Before the Civil War, cotton plantations were the most important economic entities in America. It is often forgotten that America only became a significant industrial power starting in the late 1860s and especially in the 1880s. The period from 1845–60 saw a huge percentage of the U.S. gnp attributable to cotton agriculture. Policies governing the transportation, finance, and agricultural-supply sectors throughout the South were determined by their effect on cotton exports. These additional issues help explain why most Southerners came to support a one-party system, even though there were only 393,975 actual slave-owners in the fifteen so-called slave states by 1860, or about 4.75 percent of the free slave-state population of 8,289,782 citizens. Not surprisingly, the health of the slave-based cotton economy was critical to Southern politicians.
In contemporary America, California is perhaps most emblematic of contemporary one-party politics. Currently, Democrats have supermajorities in both houses of the state legislature. There is not a single Republican statewide officeholder. The last Republican governor, the politically centrist celebrity Arnold Schwarzenegger, left office in 2011. His tenure ended the prior Republican control of the California governorship for thirty-one of forty-four years between 1967 and 2011.
Both of California’s U.S. senators are currently Democrats. Indeed, the last Republican senator, John Seymore, left office thirty years ago in 1992. Only eleven of the state’s fifty-three congressional seats are currently held by Republicans.
In California, statewide officeholders reflect little actual diversity. For three decades, the state’s three most powerful national officials were Nancy Pelosi, now Speaker of the House, and Senators Dianne Feinstein and Barbara Boxer. All three women lived within a twenty-mile radius of each other in the San Francisco Bay Area. Senator Kamala Harris’s replacement of Boxer meant that the radius was even smaller—essentially just tony San Francisco neighborhoods, since Boxer had at least lived in Marin County.
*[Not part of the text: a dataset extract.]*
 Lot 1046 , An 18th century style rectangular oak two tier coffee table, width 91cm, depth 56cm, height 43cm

The current governor of California, Gavin Newsom, a former relation by marriage of Nancy Pelosi’s, lived in the same San Francisco neighborhood as the state’s other prominent politicians and is emblematic of the new one-party, Bay Area political overclass—as incestuous and powerful as the three to four hundred thousand plantationists of the Old South. The recent creators of a new one-party state, fueled largely by one industry’s unimaginable wealth—Jerry Brown, Boxer, Feinstein, Newsom, Pelosi—have all enjoyed wealth and power, often through inherited money or family brand names, marriage, or the leveraging of political influence to secure lucrative business with the Chinese. Yet the rest of the state has lived a world away from their enclaves in Grass Valley, Kentfield, Lake Tahoe, Napa Valley, Pacific Heights, or Rancho Mirage.
Big tech/big cotton
How did the San Francisco Bay Area come to dominate the Democratic Party and California so completely, especially in the twenty-first century? One possible explanation is provided by a recent list of the ten most valuable companies in the world. Half of them are Silicon Valley tech companies (Apple, Alphabet/Google, Tesla, Nvidia, and Meta/Facebook).
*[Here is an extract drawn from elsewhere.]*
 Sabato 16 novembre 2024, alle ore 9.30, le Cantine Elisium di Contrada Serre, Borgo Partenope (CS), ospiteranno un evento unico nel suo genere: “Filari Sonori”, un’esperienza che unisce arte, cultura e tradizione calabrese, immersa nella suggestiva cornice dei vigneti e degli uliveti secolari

Such workers are in some sense indentured to the company that provides them such certification.
Silicon Valley companies depend heavily on a supply of engineers with H-1B visas from China, India, and Europe. Such workers are in some sense indentured to the company that provides them such certification, since they can in theory be deported if they try to leave that company and work elsewhere without reapplying for a new visa. Consequently, foreign tech employees tend to be predominantly single men willing to put up with inadequate, very expensive housing and long commutes in exchange for American wages and the possibility of freedom in the future (that is, a precious permanent-status green card allowing them to work at any company). As in the cases of Apple, Nvidia, and Amazon, American companies have come to depend on low-cost manufacturing in China, with labor practices that would be forbidden in the West, extending in some cases to actual forced labor.
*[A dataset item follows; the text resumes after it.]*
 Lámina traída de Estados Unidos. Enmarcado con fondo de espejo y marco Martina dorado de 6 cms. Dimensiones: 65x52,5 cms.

Consequently, the political-action committees of these tech companies have invested very large sums in the Democratic Party and its Bay Area nexus, so as to ensure that their economic goals are supported by government policies. As with slavery in the antebellum era, these policies have attracted opposition from citizens harmed by them, particularly American workers and middle-class professionals, among them American-born entry-level engineers. In the last decade these companies have chosen to focus their near limitless financial resources on dominating a single party and ensuring its electoral success, instead of trying to appeal to a bipartisan political establishment. Elite enmity toward Donald Trump only consolidated this approach.
Such concentrated wealth means that California has counted on ample revenues from these trillion-dollar businesses and mostly adopted the ethos and values of those who own and run them. And the Silicon Valley elite have certainly exercised their enormous powers of persuasion. Mark Zuckerberg, of Facebook fame, alone directed $419 million of his own multibillion-dollar fortune into the 2020 election campaign. That infusion gave grants to state registrars in key precincts to ensure greater left-wing mail-in and early-voting turnout.
Besides the economic issues that concern them directly, the Silicon Valley elites fund their own cultural obsessions—much like how the old plantation aristocracy supported its romantically imagined classical and medieval nostalgia for dueling, feudal paternalism, Aristotelian natural slavery, and gentlemanly leisure.
The modern versions of such obsessions range from later-term abortion on demand and identity politics to radical government efforts to halt supposedly man-made global warming, defunding the police, strict no-growth zoning, transgender advocacy, and arcane rules to limit growth and development deemed antithetical to elite definitions of the natural and man-made environment. Culturally, these elites have a deep suspicion of religion, especially Christianity; they demand strict gun control, embrace racial reparative hiring and admissions, and are often anti-military.
Besides the economic issues that concern them directly, the Silicon Valley elites fund their own cultural obsessions.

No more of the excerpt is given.